Hi:
If you use ODS HTML or an HTML-based destination to create a file for Excel, you can pass a Microsoft format to Excel via the HTMLSTYLE attribute. If you use ODS TAGSETS.EXCELXP (an XML-based destination) to create a file for Excel, you can pass a Microsoft format to Excel via the TAGATTR attribute. This is a slightly different approach than PROC EXPORT. EXPORT creates a binary Excel file, and Excel treats the numbers you have using its default formats which are not always what you want. When you use HTML or Spreadsheet Markup Language XML to create ASCII text files that Excel can open, you have the ability to pass a Microsoft format via a style override -- that's because for either HTML or XML -- Excel will accept the format specification passed as a style change.
See these topics for more help:
http://support.sas.com/kb/32/414.html
http://www2.sas.com/proceedings/sugi28/012-28.pdf (page 2 about HTMLSTYLE)
http://support.sas.com/rnd/base/ods/odsmarkup/excelxp_demo.html#formats
http://support.sas.com/rnd/base/ods/templateFAQ/Excel1.pdf
http://support.sas.com/kb/34/242.html (tagattr example)
http://support.sas.com/resources/papers/proceedings09/016-2009.pdf (page 21 for TAGATTR)
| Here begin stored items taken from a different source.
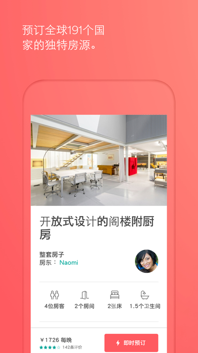 在34,000多個(gè)城市發(fā)掘數(shù)十萬個(gè)房源。直接在iPhone、iPad或iPod touch上預(yù)訂獨(dú)一無二的房源,或找到可供出租的房間。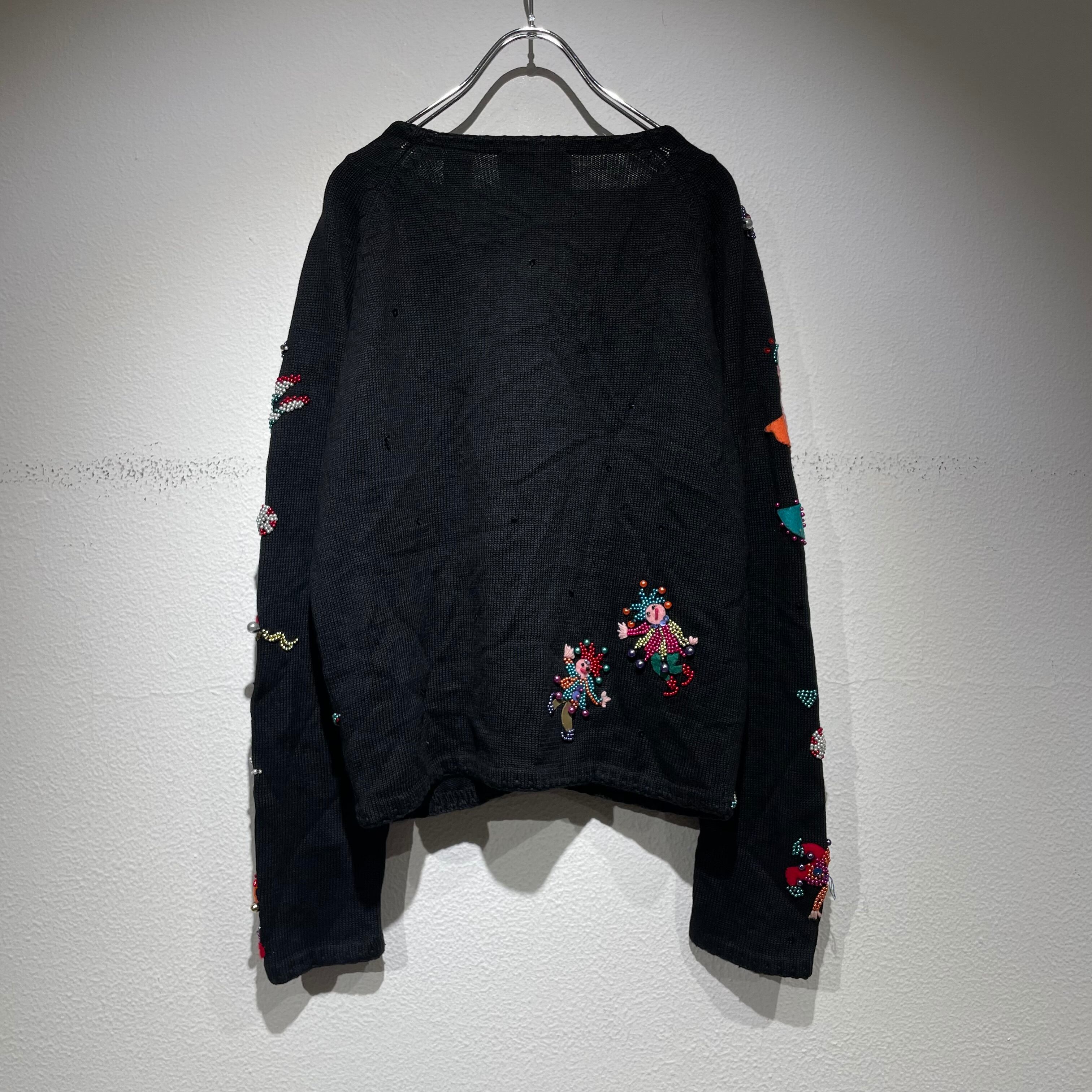 ビーズやフェルト刺繍などのカラフルなデザインが目を引くカーディガン。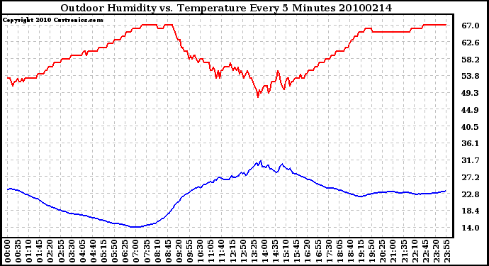 Milwaukee Weather -- 20100214 Outdoor Humidity vs. Temperature Every 5 Minutes -- From curtronics.com by Curt Blank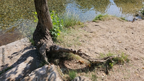 © IA Tuga, Fototapeta premium Tree Root Extending Toward River on a Sunny Shore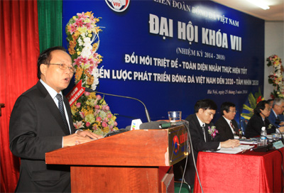 Trước đó, tại Đại hội VFF nhiệm kỳ VII, Bộ trưởng Bộ Văn hóa, Thể thao và Du lịch Hoàng Tuấn Anh cũng đã có bài phát biểu chỉ đạo đại hội. Bộ trưởng Hoàng Tuấn Anh khẳng định: “Chiến lược phát triển Bóng đá Việt Nam đến năm 2020, định hướng đến năm 2030 đã được Thủ tướng Chính phủ phê duyệt là một văn bản rất quan trọng, mở ra nhiều thuận lợi để bóng đá phát triển. Trong điều kiện kinh tế suy thoái, VFF vẫn duy trì được hoạt động và tiếp tục có những tìm tòi, thử nghiệm mở rộng tổ chức, bộ máy, phát triển thêm các tổ chức thành viên, tăng cường nhân sự cho hoạt động của liên đoàn. Công tác đối ngoại của Liên đoàn Bóng đá Việt Nam được mở rộng. VFF đã nâng cao được uy tín trong các hoạt động bóng đá quốc tế; đóng vai trò là tổ chức thành viên tích cực của FIFA, AFC, AFF”.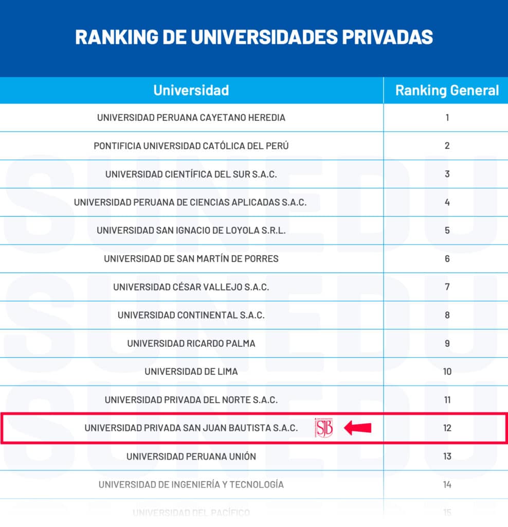 Inicio » Universidad Privada San Juan Bautista alcanza el puesto 12 en el ranking SUNEDU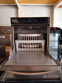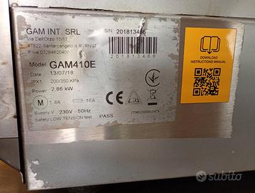 Marca: Krupps Modello: GAM410E (Linea GAM / Compack) Anno indicativo: 2018 Tipologia: Lavabicchieri professionale sottobanco ________________________________________ Caratteristiche Tecniche •Alimentazione elettrica: Trifase 400V •Struttura: Acciaio inox AISI 304 •Dimensioni cestello: 400 x 400 mm •Produzione oraria: fino a circa 30 cestelli/ora •Comandi: Pannello elettronico •Dosatori: oDosatore brillantante integrato oDosatore detergente integrato ________________________________________ Funzionalità e Dotazioni •Sistema di lavaggio ad alta efficienza •Tecnologia di risciacquo Acquatech (pressione e temperatura costante) •Sistema di autodiagnosi integrato •Cicli di lavaggio rapidi (ideali per bar e caffetterie) •Pompa di lavaggio ad alte prestazioni •Bracci di lavaggio e risciacquo in materiale resistente •Vasca stampata con angoli arrotondati (facile pulizia) ________________________________________ Prestazioni •Ciclo di lavaggio: rapido (indicativamente 90–120 sec) •Consumo acqua per ciclo: ridotto •Temperatura risciacquo: controllata per garantire igienizzazione ________________________________________ Applicazioni Ideali •Bar •Caffetterie •Pub •Gelaterie •Locali con alta rotazione di bicchieri e tazzine ________________________________________ Punti di Forza •Compatta e robusta •Elevata velocità operativa •Bassi consumi •Facilità d’uso e manutenzione •Affidabilità del marchio Krupps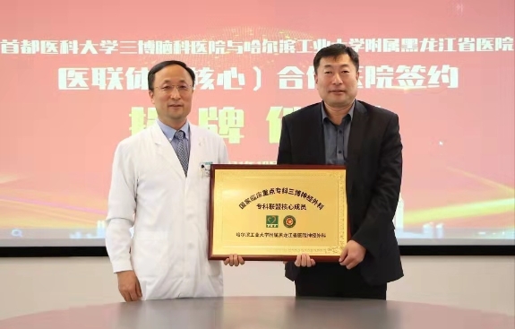 黑龍江經(jīng)濟(jì)網(wǎng)訊(林穎 董宇翔 梁新立) 10月19日,黑龍江省醫(yī)院與首都醫(yī)科大學(xué)三博腦科醫(yī)院結(jié)成醫(yī)聯(lián)體簽約揭牌儀式在北京舉行。今后雙方將在遠(yuǎn)程會(huì)診、技術(shù)指導(dǎo)與支持、人才培養(yǎng)和資源共享等多方面開(kāi)展緊密合作,攜手共進(jìn),優(yōu)勢(shì)互補(bǔ),共同提高在神經(jīng)科學(xué)領(lǐng)域臨床、科研及教學(xué)水平,提升醫(yī)療服務(wù)能力,切實(shí)為黑龍江省及周邊地區(qū)百姓提供優(yōu)質(zhì)的醫(yī)療衛(wèi)生服務(wù)。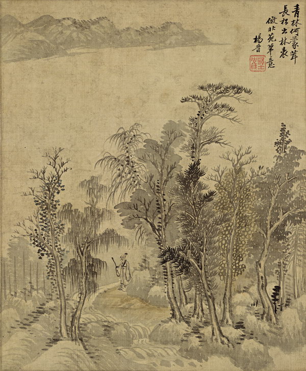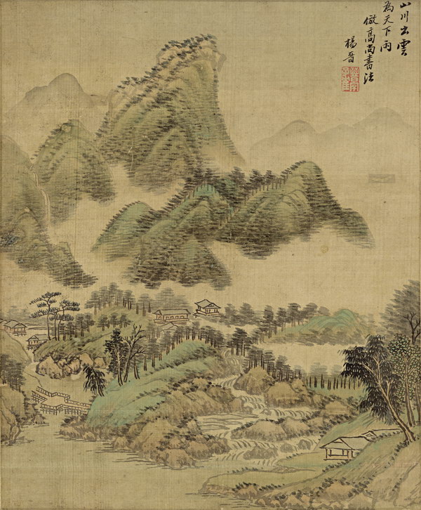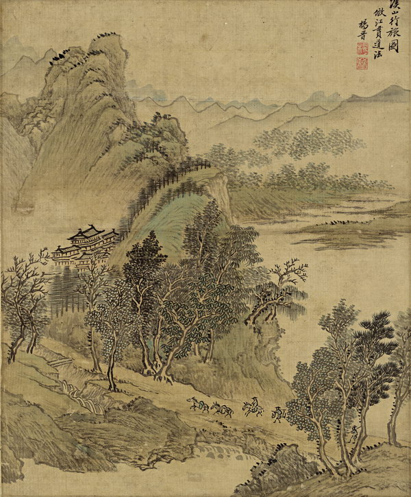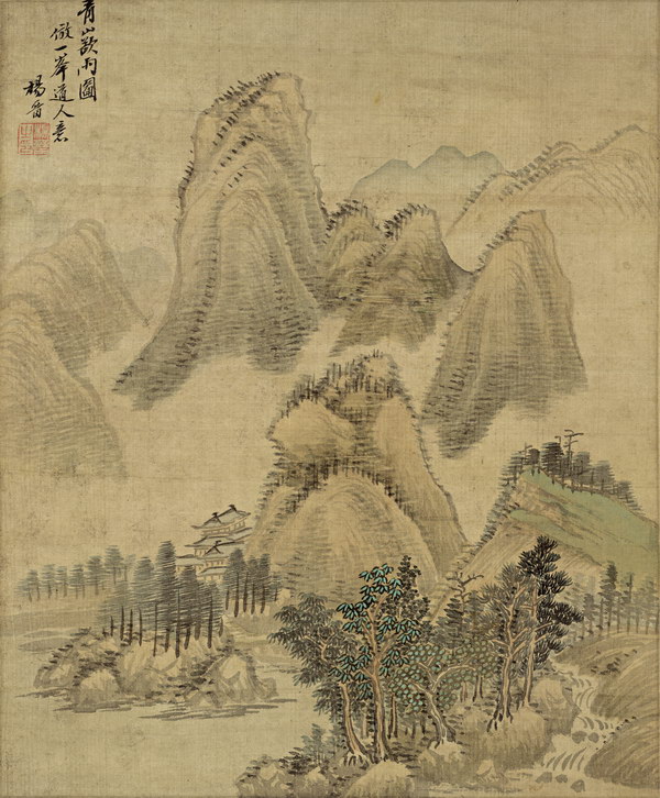 此册计仿先代名家山水十二帧:王诜、赵孟頫、黄公望、王蒙、高克恭、董源、唐寅、江参、赵大年、文徵明、王维.题仿十二家笔。【本文暂缺1幅】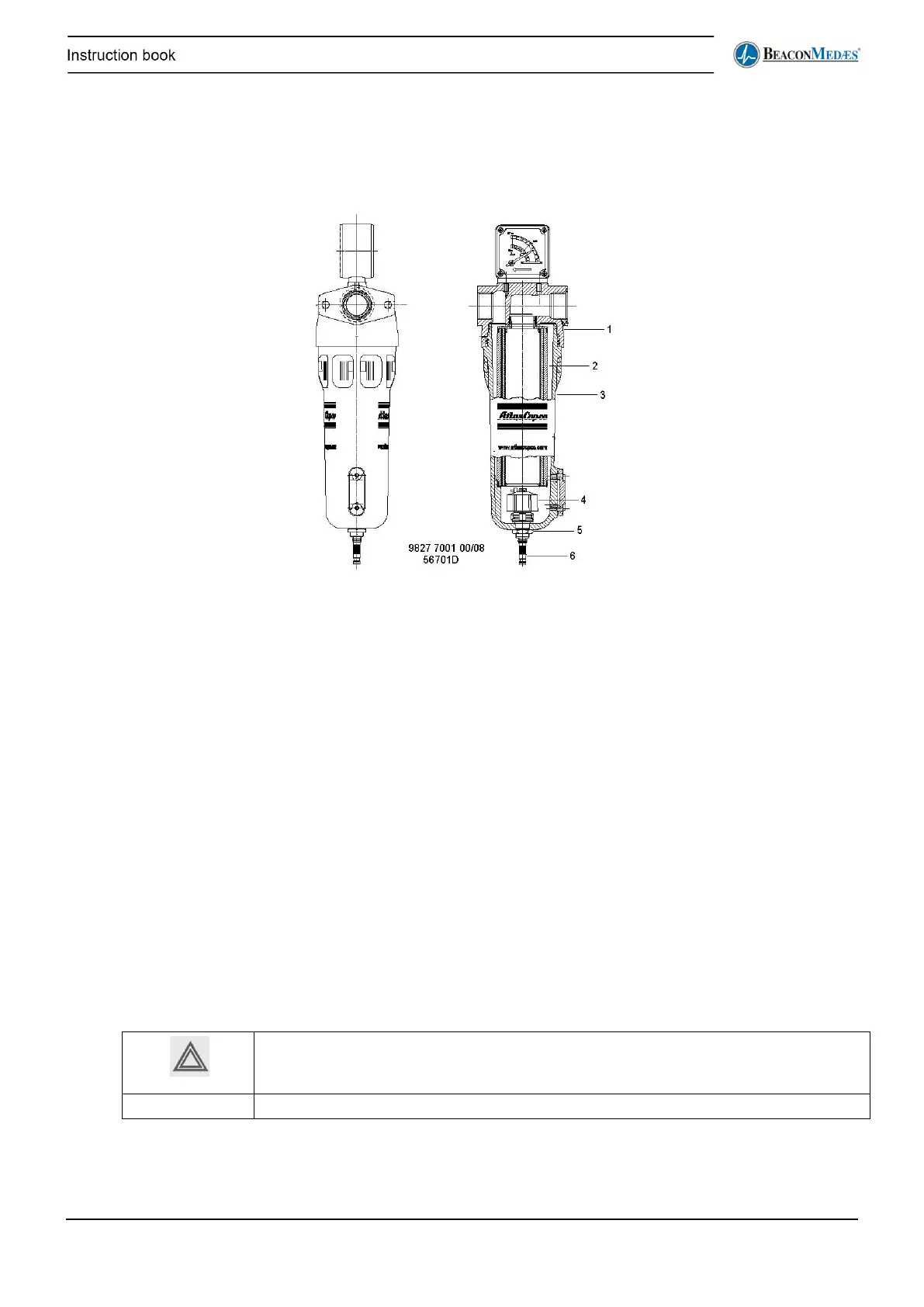1. Isolate the filter from the air net by closing the external inlet and outlet valve of the unit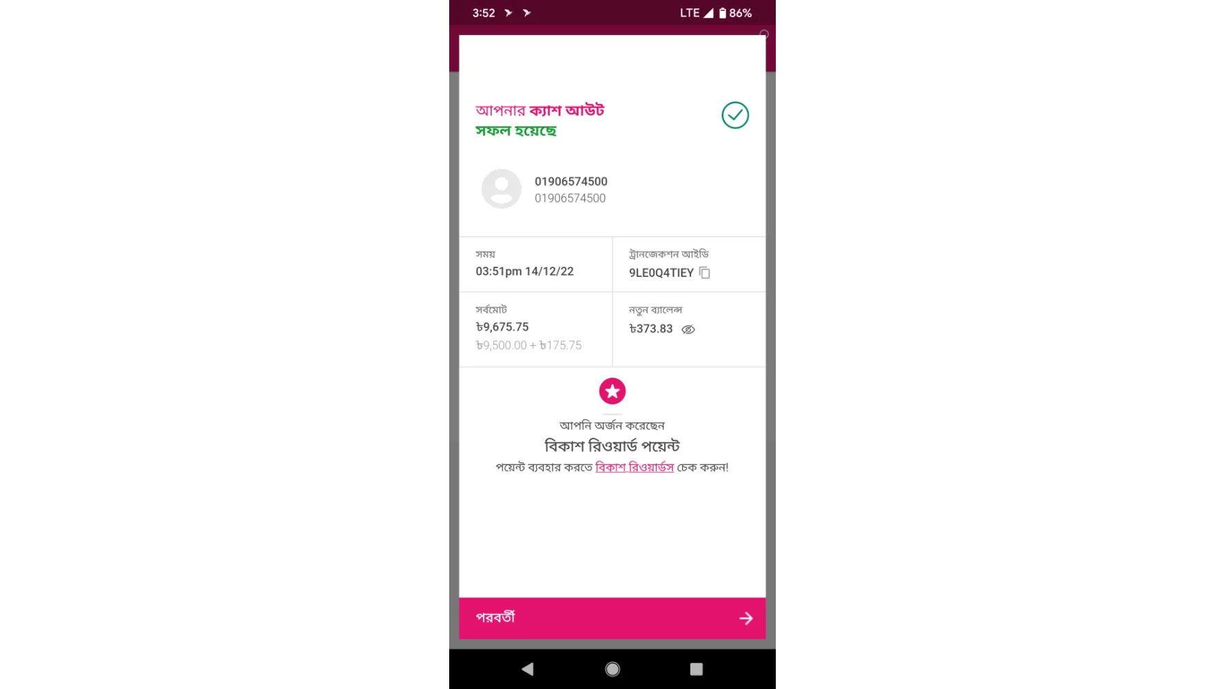 I was cashout 2400 BDT from [protected] to your Fast Nagad agent number [protected]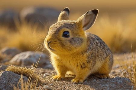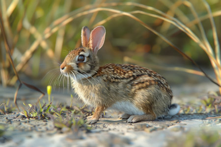 Wild Eastern Cottontail Rabbit Sitting Alert in Natural Grassland Environment during Sunset AI Generative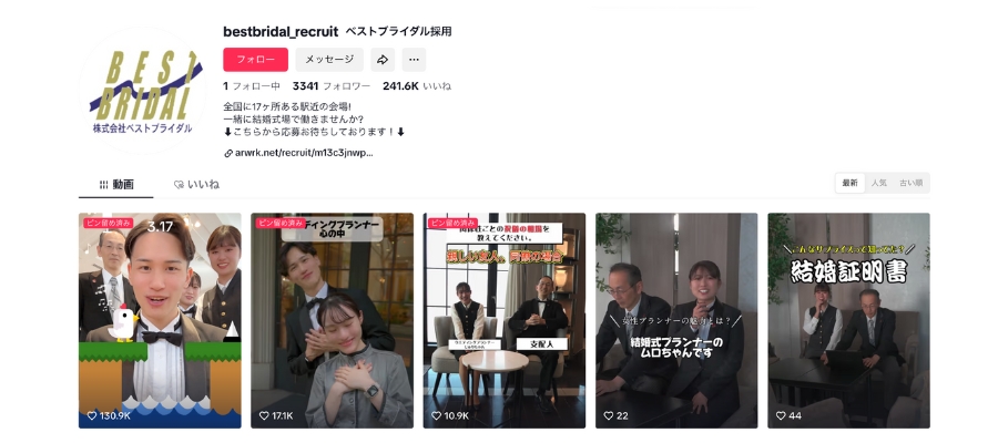 TikTokを通じて、結婚式場で働くスタッフの一日や職場の雰囲気を伝えることで、ブライダル業界の魅力やリアルな日常を発信し、求職者が働くイメージを持ちやすいコンテンツを展開しています。
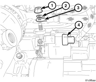 2. Position starter (4) into transmission housing (3), install ground wire (1) and starter mounting bolts (2). Tighten bolts to 54 Nm (40 ft. lbs.).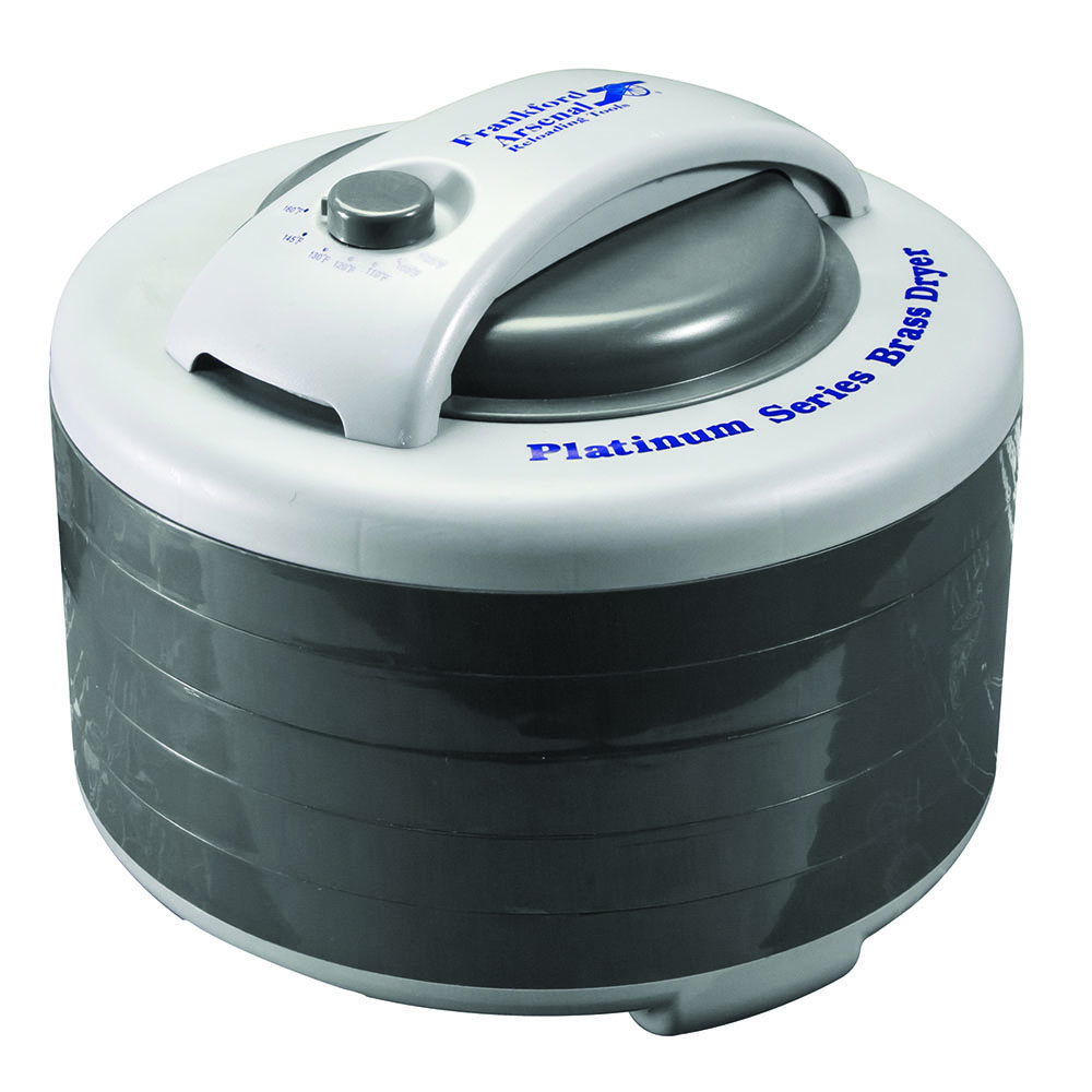 661120001355 Der Frankford Arsenal® Platinum Series Brass Dryer ist ein schnelles, praktisches und effizientes System zum Trocknen deiner Hülsen. Dieser Trockner ist das perfekte Werkzeug, um deine Gewehr- und Pistolenhülsen nach nassen Reinigungsprozessen wie dem Rotationspolieren oder der Ultraschallreinigung zu trocknen. Die separaten und abnehmbaren Tabletts ermöglichen es dir, verschiedene Kaliber gleichzeitig zu trocknen, ohne sie zu vermischen. Der Brass Dryer ist ein Hochleistungsgerät, das bis zu 1000 Stück .223 Gewehrhülsen oder bis zu 2000 Stück 9mm Pistolenhülsen trocknen kann. Dieser Trockner kann deine Hülsen innen und außen in weniger als einer Stunde trocknen. Die Zwangsbelüftung mit Konvektionsheizung verringert die Wahrscheinlichkeit von Wasserflecken auf deinen frisch gereinigten Hülsen. Das leistungsstarke 500 Watt Heizungssystem erwärmt die Luft schnell und gleichmäßig, was die Trocknungszeit verkürzt. Das Design mit Zwangsluftstrom sorgt dafür, dass Wärme und Luft gleichmäßig über die separaten Tabletts verteilt werden, sodass die Hülsen innen und außen getrocknet werden. Der oben montierte Ventilator stellt sicher, dass sich keine Feuchtigkeit aus dem Reinigungsprozess in der Elektronik ansammeln kann. Die Trocknungsbehälter haben feine, gerippte Böden und Halterippen, um deine Hülsen auf verschiedenen Ebenen getrennt zu halten. In Kombination mit einem Platinum Series Rotary Tumbler wird schmutzige, korrodierte Range-Hülsen so glänzend wie neu.Lieferzeit ca. 3-6 Werktage.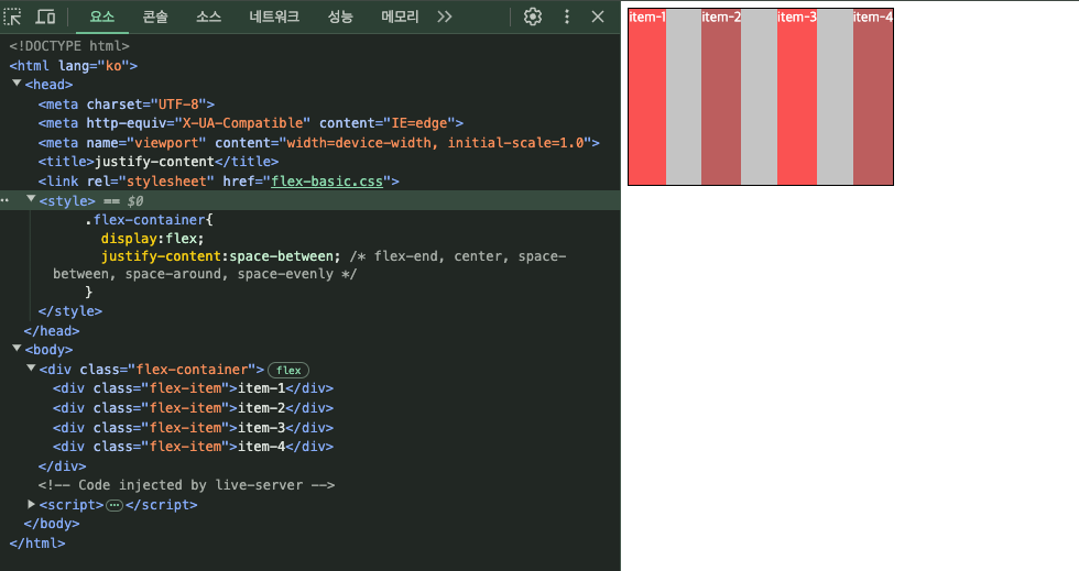 요런 느낌. space-between 속성은 플렉스 아이템 사이의 간격이 균일하도록 정렬

The issue is that Excel only honors some numeric formats. For example, if you use a number (like zip code) with leading zeroes, SAS can show that number with the Z format, but Microsoft ignores the Z format. Sometimes, your big numbers turn into scientific notation. Some dates will work, others won't. Some monetary formats will work, some won't. I've never actually figured out how and when Excel decides to ignore my numeric format. But depending on how I create the file for Excel -- either HTML or TAGSETS.EXCELXP, I can pass in a Microsoft format to get Excel on the right path.